When the news of the curative properties of penicillin broke, Fleming revelled in the publicity. Journalists told a familiar story of a lone British scientist and a serendipitous discovery. The British medical historian Bill Bynum wrote:
The discovery and development of penicillin is an object lesson of modernity: the contrast between an alert individual (Fleming) making an isolated observation and the exploitation of the observation through teamwork and the scientific division of labour (Florey and his group). The discovery was old science, but the drug itself required new ways of doing science.

In 1943, the Nobel committee received a single nomination for the Nobel Prize in Physiology or Medicine for Fleming and Florey from the British biochemist Rudolph Peters. The secretary of the Nobel committee, Göran Liljestrand, made an assessment of Fleming and Florey in the same year, but little was known about penicillin in Sweden at the time, and he concluded that more information was required. The following year, there was one nomination for Fleming alone and one for Fleming, Florey and Chain. Liljestrand and Nanna Svartz considered their work, and while both judged Fleming and Florey equally worthy of a Nobel Prize, the Nobel committee was divided, and decided to award the prize that year to Joseph Erlanger and Herbert S. Gasser instead.

In 1945 there were a large number of nominations for Florey and Fleming or both, and one for Chain, from Liljestrand, who nominated all three. Liljestrand noted that thirteen of the first sixteen nominations that came in mentioned Fleming, but only three mentioned him alone. This time evaluations were made by Liljestrand, Sven Hellerström and Anders Kristenson, who endorsed all three.
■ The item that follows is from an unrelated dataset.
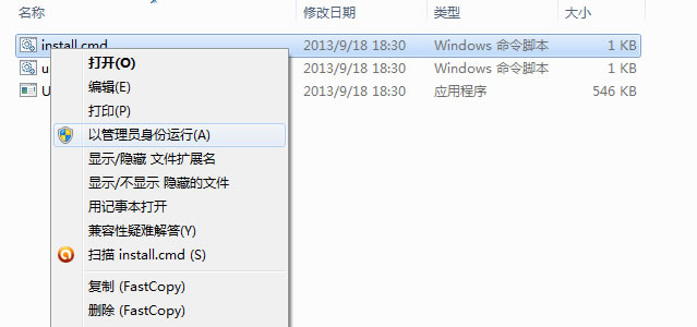 接着可以看到名为install.cmd的文件,右键,选择用管理员身份运行(vista,win7、8用户记得一定要选择以管理员方式运行,否则不会生效)。另外,安装这个的时候记得一定要关掉虚拟机软件,否则会失败。看着命令行中滚动的代码走完,窗口会自己消失。这个时候就安装完毕了。

The Nobel Assembly at the Karolinska Institute considered awarding half to Fleming and one-quarter each to Florey and Chain, but in the end decided to divide it equally three ways. On 25 October 1945, it announced that Fleming, Florey and Chain equally shared the 1945 Nobel Prize in Physiology or Medicine "for the discovery of penicillin and its curative effect in various infectious diseases."